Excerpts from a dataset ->
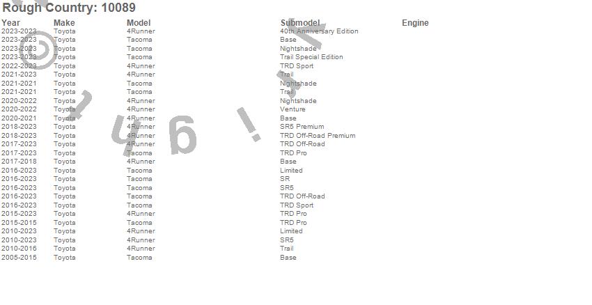 Below is an abbreviated list of applications for the Wheel Spacer.4Runner, Tacoma, Toyota, 2024, 2023, 2022, 2021, 2020, 2019, 2018, 2017, 2016, 2015, 2014, 2013, 2012, 2011, 2010, 2009, 2008
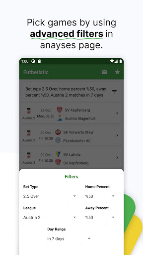 - In the Football Betting Statistics: You will see your betting type, the league you are following, the day interval, and how many percent of the home and away teams are likely to be close to this prediction.
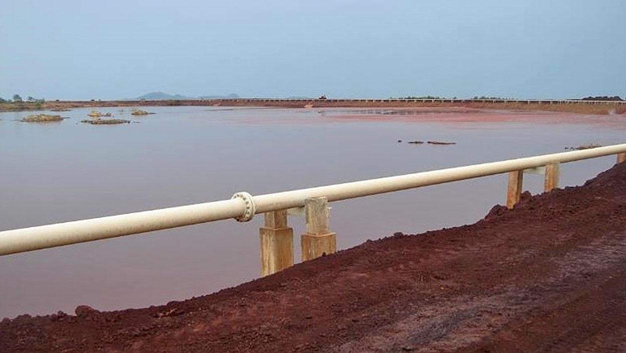 テーリングダムと海に向かうパイプライン(コーラル・ベイ・ニッケル製錬事業)
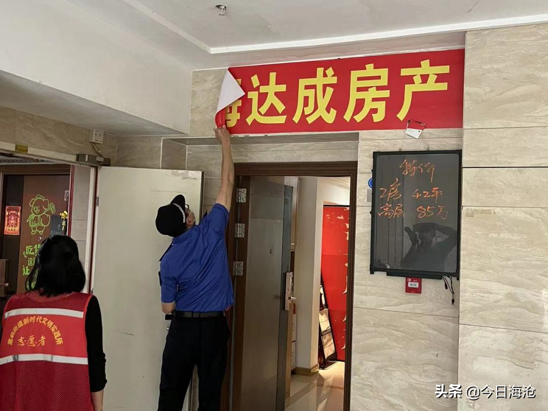 某房产中介在店面违规贴上广告贴纸,执法人员告知店家,并现场拆除。
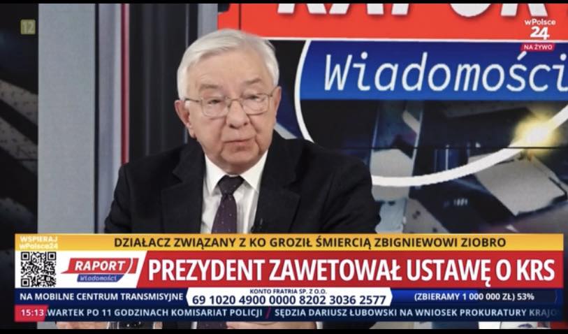 📺 Raport "Wiadomości" wPolsce24 i rozmowa z dziennikarskim duetem Anną Pawelec 🤝 Bartoszem Łyżwińskim o zawetowaniu przez 🇵🇱 Prezydenta RP Karola Nawrockiego nowelizacji ⚖️ustawy o KRS. 💬 To bardzo dobra decyzja Pana Prezydenta. Ta ustawa w proponowanej formule jest niekonstytucyjna. Nie ma nic wspólnego z przywracaniem praworządności w Polsce. Owszem, po tym co wyprawia 🙈koalicja 13 grudnia 👉 trzeba przywrócić praworządność w naszym kraju. Ale nie w oparciu o działania ‼️grupy polityków w togach‼️ która chce zniszczyć obowiązującą ustawę o KRS - podkreśliłem. /fb/DEBATA W POLSAT NEWS POLITYKA |
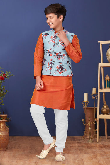 Dhupion Silk Orange Color Occasion Wear Trendy Readymade Boys Kurta Pyjama With Jacket
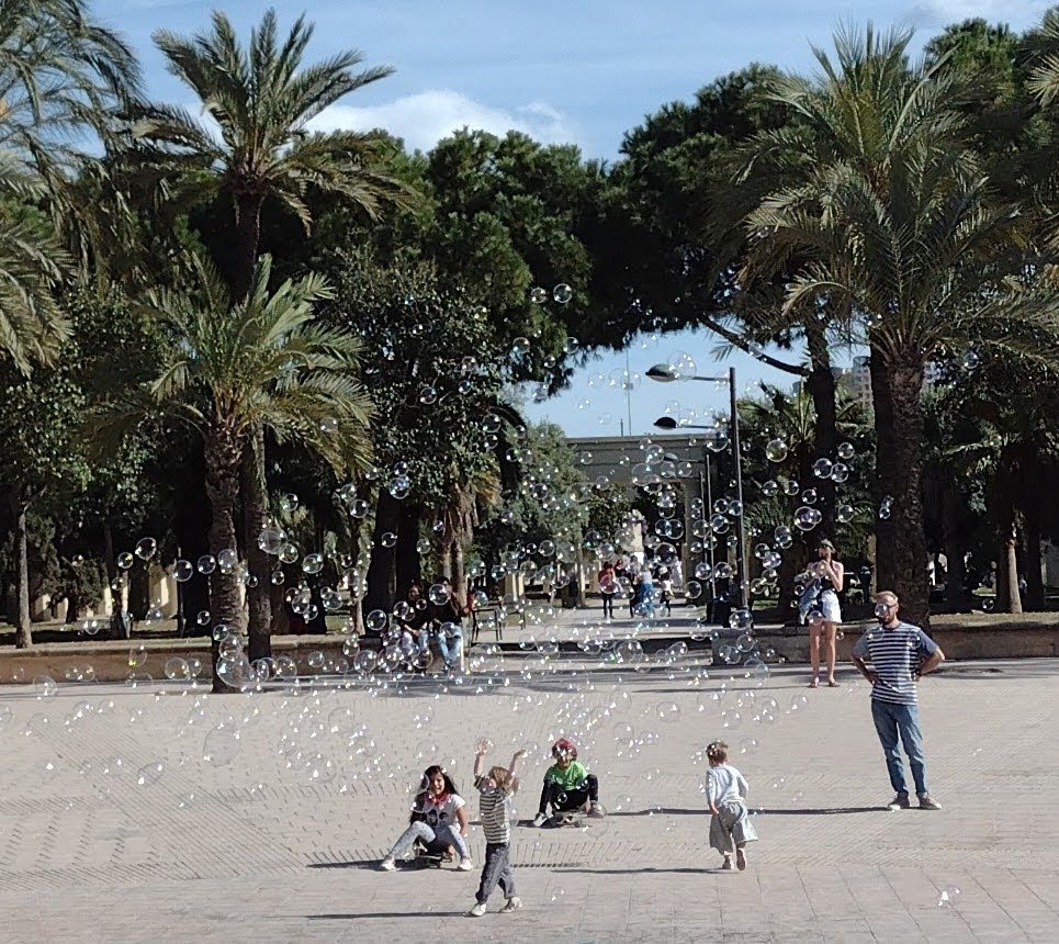 We ended up in Turia Park which follows the course of a dried up river through the city, stretching over 9km with 18 bridges from very old to modern. We didn’t walk the full length but walked from the cathedral to the very modern science park and back. Its similar to the Retiro Park in Madrid in that every body uses it either for sport, leisure or play, note the children playing with the bubbles. It was great walking through it watching people on a hot sunny afternoon.
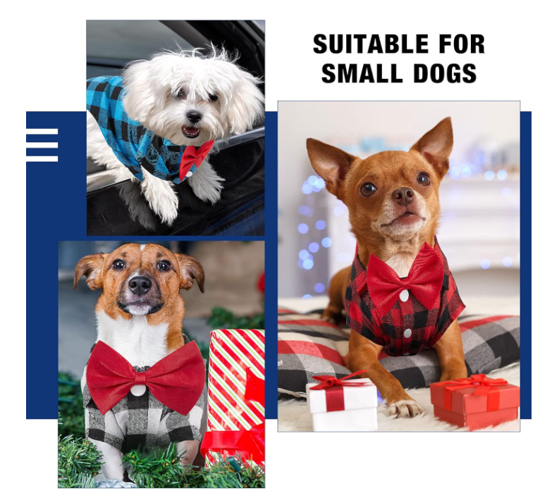 Plaid Puppy Shirts with Bow Tie Dog Buffalo Shirt Pet Christmas Sweatshirt Bow Dog Shirt Outfit for Birthday Party Small Dogs Cats Holiday Photo Wedding Supplies
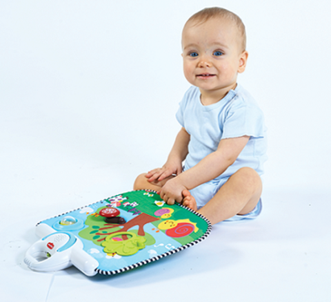 Познакомьте ребенка с гремящими и музыкальными элементами игрушки.

TASK DETAILS ->
The output is the stretch above from the line with "- In the Football" through the line with "We ended up", copied word for word with both ends kept and every picture dropped.

RESPONSE FOR THIS EXERCISE ->
 - In the Football Betting Statistics: You will see your betting type, the league you are following, the day interval, and how many percent of the home and away teams are likely to be close to this prediction.
 テーリングダムと海に向かうパイプライン(コーラル・ベイ・ニッケル製錬事業)
 某房产中介在店面违规贴上广告贴纸,执法人员告知店家,并现场拆除。
 📺 Raport "Wiadomości" wPolsce24 i rozmowa z dziennikarskim duetem Anną Pawelec 🤝 Bartoszem Łyżwińskim o zawetowaniu przez 🇵🇱 Prezydenta RP Karola Nawrockiego nowelizacji ⚖️ustawy o KRS. 💬 To bardzo dobra decyzja Pana Prezydenta. Ta ustawa w proponowanej formule jest niekonstytucyjna. Nie ma nic wspólnego z przywracaniem praworządności w Polsce. Owszem, po tym co wyprawia 🙈koalicja 13 grudnia 👉 trzeba przywrócić praworządność w naszym kraju. Ale nie w oparciu o działania ‼️grupy polityków w togach‼️ która chce zniszczyć obowiązującą ustawę o KRS - podkreśliłem. /fb/DEBATA W POLSAT NEWS POLITYKA |
 Dhupion Silk Orange Color Occasion Wear Trendy Readymade Boys Kurta Pyjama With Jacket
 We ended up in Turia Park which follows the course of a dried up river through the city, stretching over 9km with 18 bridges from very old to modern. We didn’t walk the full length but walked from the cathedral to the very modern science park and back. Its similar to the Retiro Park in Madrid in that every body uses it either for sport, leisure or play, note the children playing with the bubbles. It was great walking through it watching people on a hot sunny afternoon.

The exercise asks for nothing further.